Lizzie Bank’s mountain climb was particularly remarkable as she only has sight in one eye because she inhaled a parasite whilst on safari at the Kenyan Masai Mara game reserve in 1993.
The damage was the result of the blood-borne carriage of a micro-organism to the eye. She was not aware at the time so did not seek help early enough to prevent the damage. And, as a result, she has no depth perception which can be particularly ‘problematic’ from time-to-time on mountain ledges.
“It is difficult for people with monocular vision to assess the relative position of objects in the visual field,” she explained. “So, it is difficult for me to assess how close or far away something is - the same issues with how deep something is.
“When climbing or walking on ridges, it is quite scary when your eyes might not be giving you complete information on how far away from an edge you are or how deep the next step you take is going to be.
“It feels a bit like missing a step on the stairs. Does that make sense? You have to trust your rope partner a lot. When there are shadows you cannot determine easily what is shadow and what is object - almost like seeing things that aren’t there.
“Also, due to the scar tissue left by the parasite, I have what might be like ‘floaters’ in my field of vision during daylight hours if in direct sunlight.”
Lizzie is a keen runner and to prepare for the mountain assault she also walked on a revolving staircase in her boots carrying a 14kg rucksack. The couple had also previously hiked the 175km GR20 trail that traverses Corsica, an island in the Mediterranean Sea, diagonally from north to south, in 13 days. Of all the long-distance footpaths in Europe it has a reputation for being the toughest.
But climbing the 11th highest mountain in the world was a totally different proposition.
Phase 1 was the acclimatisation stage with a Tour de Mont Blanc - 170km - with 10km of ascent and descent over six days, passing through France, Switzerland and Italy.
Phase 2 consisted of tackling the Gran Paradiso, at 4,061m, the highest mountain entirely within Italy.
Phase 3 was Mont Blanc with equipment consisting of a rucksack, mountain boots, crampons, helmet, harness, ice axe, gaiters, head torch and water bottles.
Lizzie said: “Most of the time I felt exhilarated. I had trained well and was reaping the rewards of the hard work. The 13-hour days around the tour were invaluable in terms of acclimatising for Mont Blanc and Gran Paradiso prepared us for severe weather conditions.
“One of the men we were hiking with fell down a crevasse on Gran Paradiso, so putting the training into practice was interesting. When I saw what we had to climb up to reach one of the ridges, my stomach did a little turn but once up, although it was tough, nothing was going to stop me.
“Our food had frozen, I couldn’t eat anything except our gel packs and was frozen to the bone. But there wasn’t one moment when I thought that physically or mentally I wouldn’t be able to make it.

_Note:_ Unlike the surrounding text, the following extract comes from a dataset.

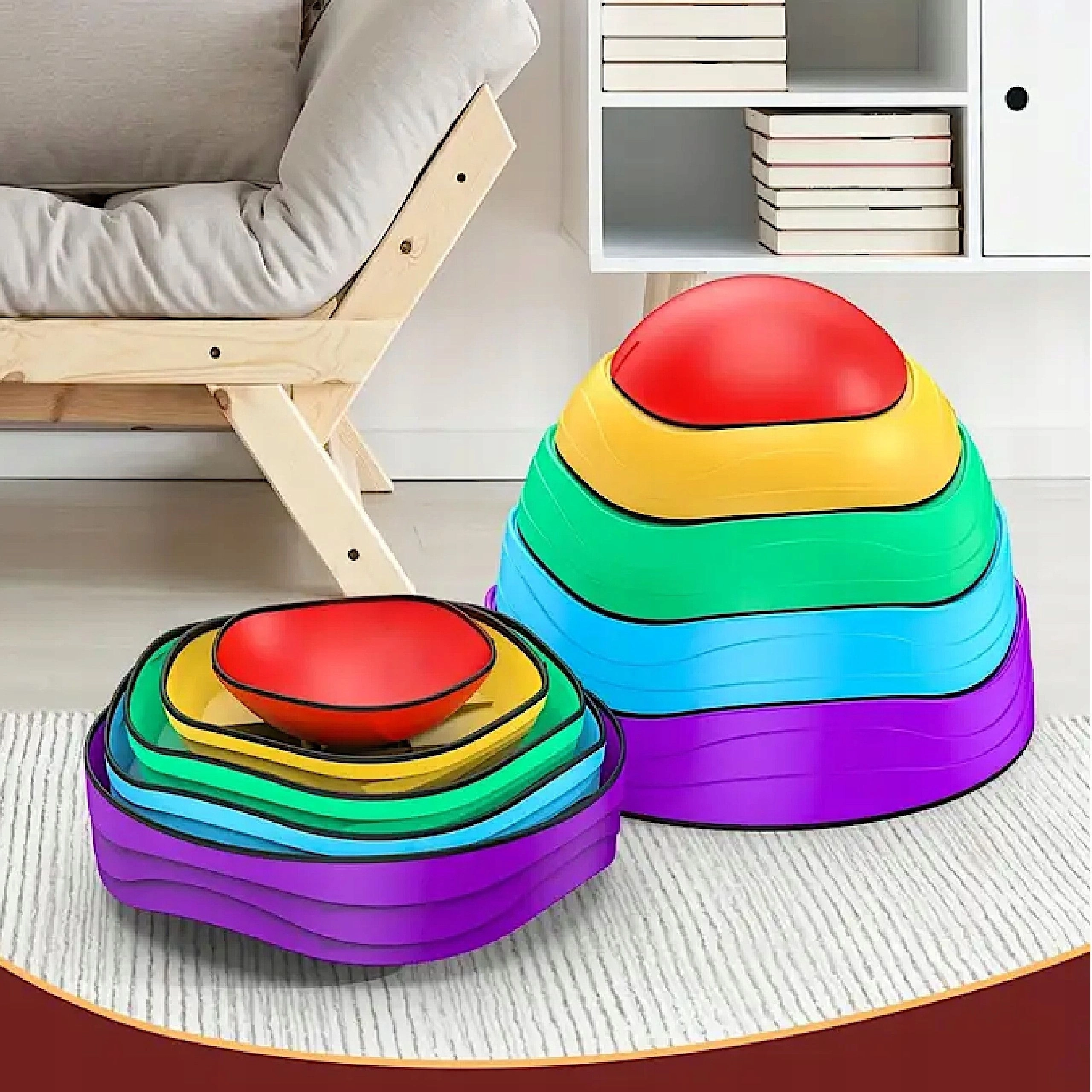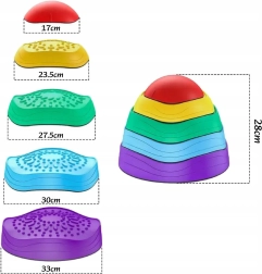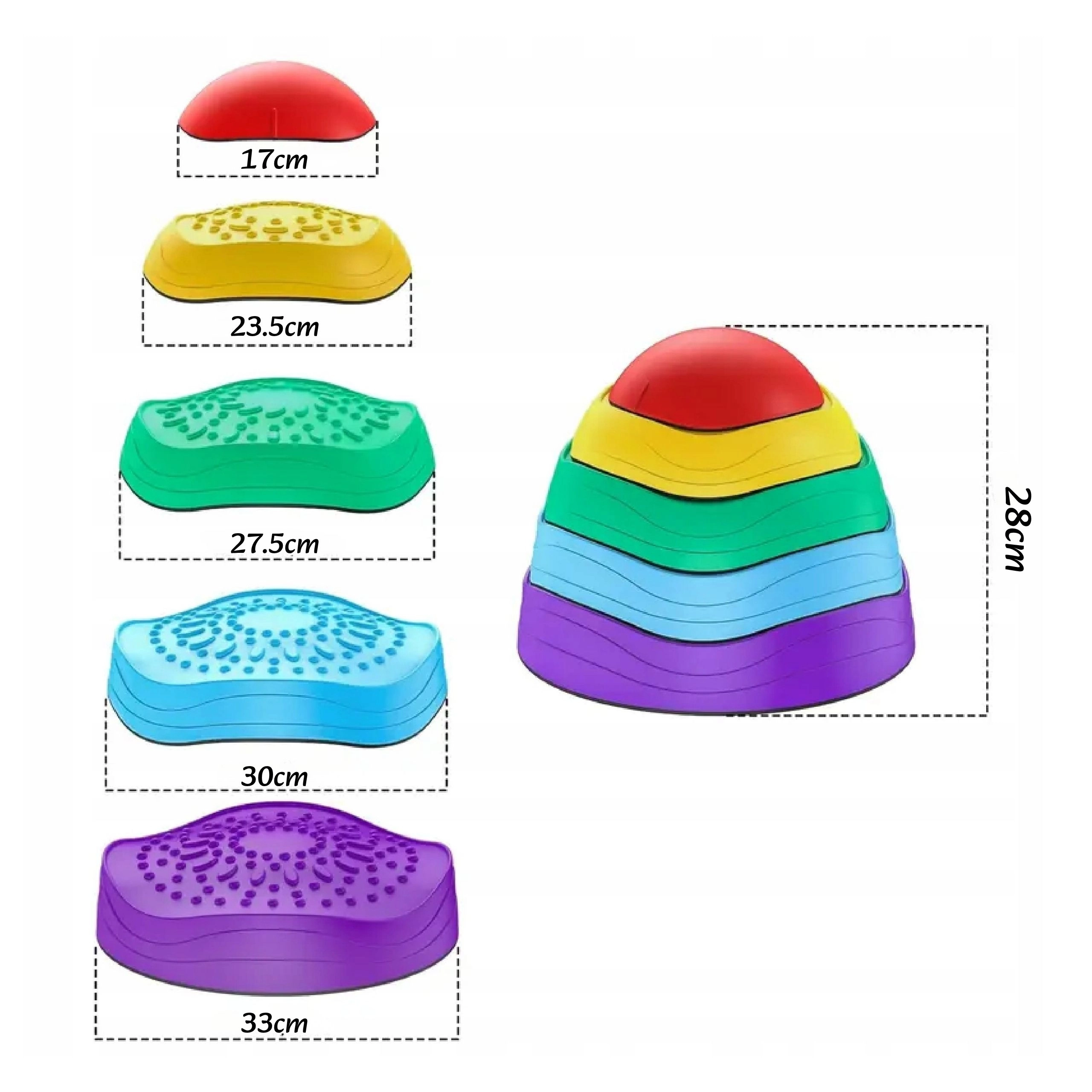 Datorită bazei antiderapante, pietrele rămân stabile în timpul jocului, iar suprafața texturată stimulează percepția senzorială a tălpilor și a palmelor. Designul stivuibil economisește spațiu la depozitare, iar culorile vii invită în mod natural la mișcare.

“My biggest fear by far was the weather closing in or falling snow and ice preventing us from reaching the summit and knowing my friend was waiting for news that we had been successful so that she could send out messages to everyone who had been supporting us. I couldn’t bear the thought of not reaching it.”

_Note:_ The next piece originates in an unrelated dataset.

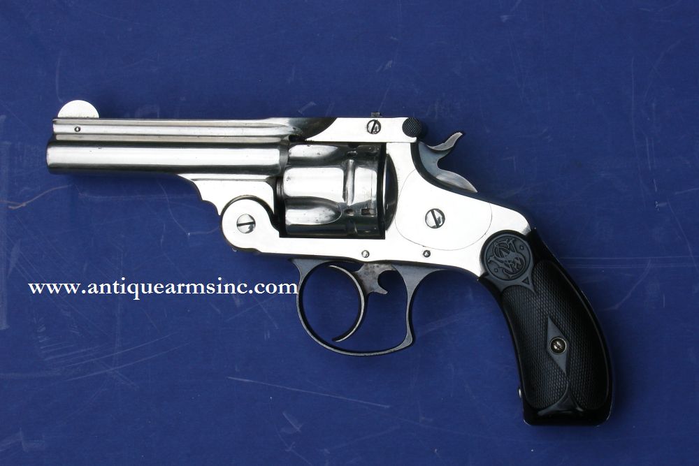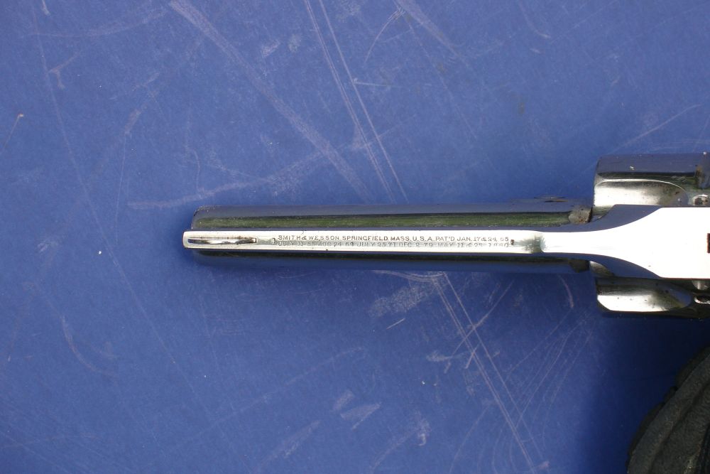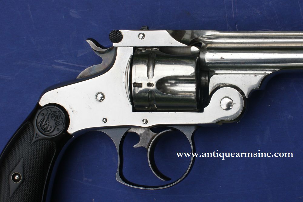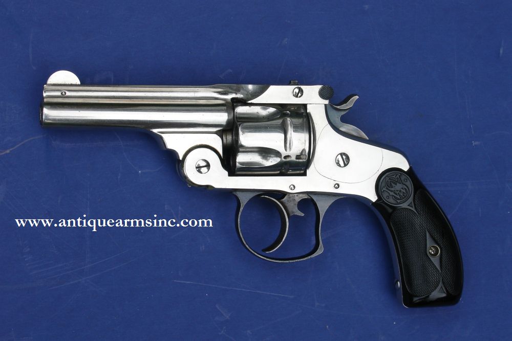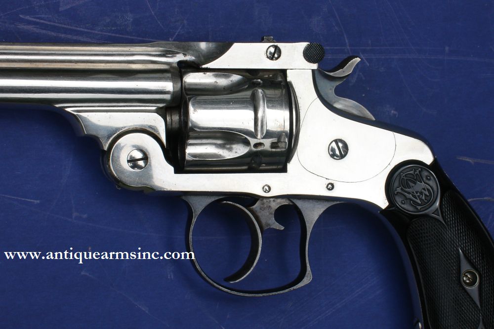 Disclaimer: Over the years, many of you, my loyal customers have written and called about how much you enjoy reading our descriptions. To some of you, I know these can get a bit verbose, but our main intent has been to share knowledge with other collectors as well as introducing new collectors to an exciting field of not just antique weaponry, but the history that surrounds us. Too often, we only see an old gun like this S&W as an object placed in front of us, never fully realizing that history that surrounds them...or perhaps picturing the nicely dressed Victorian era gentleman with sideburns and handle-bar mustache. Perhaps wearing a top hat or derby while strolling down some cobblestone with this revolver tucked neatly into his vest by his chained pocket watch. Or maybe it just stayed tucked in a drawer and never saw a rainy day. We wrote just for fun and have done very little research on this...based strictly on observations so please take this with a grain of salt as this is coming from a mere antique gun dealer and not an award-winning author whose just spent 20 years of research before publishing a book. This info is free and you get what you pay for if you know what I mean!

But after a two-and-half hour climb in the dark, being hit by falling ice within the first 20 minutes, facing weather conditions that almost meant they were facing having to turn back on three separate occasions, they became two of only a dozen people to reach the summit that day.
“It is a really strange feeling,” she said. “We were so exhausted, and it was so cold, that we didn’t spend long there.
“The camera batteries were frozen and it was too cold to keep taking your hand out of your glove to take photos. So, the few we have taken, were with John’s nose pressing the button!
“I was extremely emotional, as was everyone-else but we couldn’t explain why at that time. It was only a few days afterwards looking back that we felt how we had expected to feel at the top, if that makes sense.
“The whole climb you have it in the back of your head that you have to make it to this point by this time or you cannot continue. You have to be back down and crossing the couloir by this time otherwise it is too dangerous to cross.
“We set out at 2am as it is so cold that all the rocks are held into place by the ice. If you come down too late during that same day, the snow is softening and the rocks are loose. People stand at one side of the couloir keeping watch for falling rocks and ice for other climbers to try to maintain safety on the mountain.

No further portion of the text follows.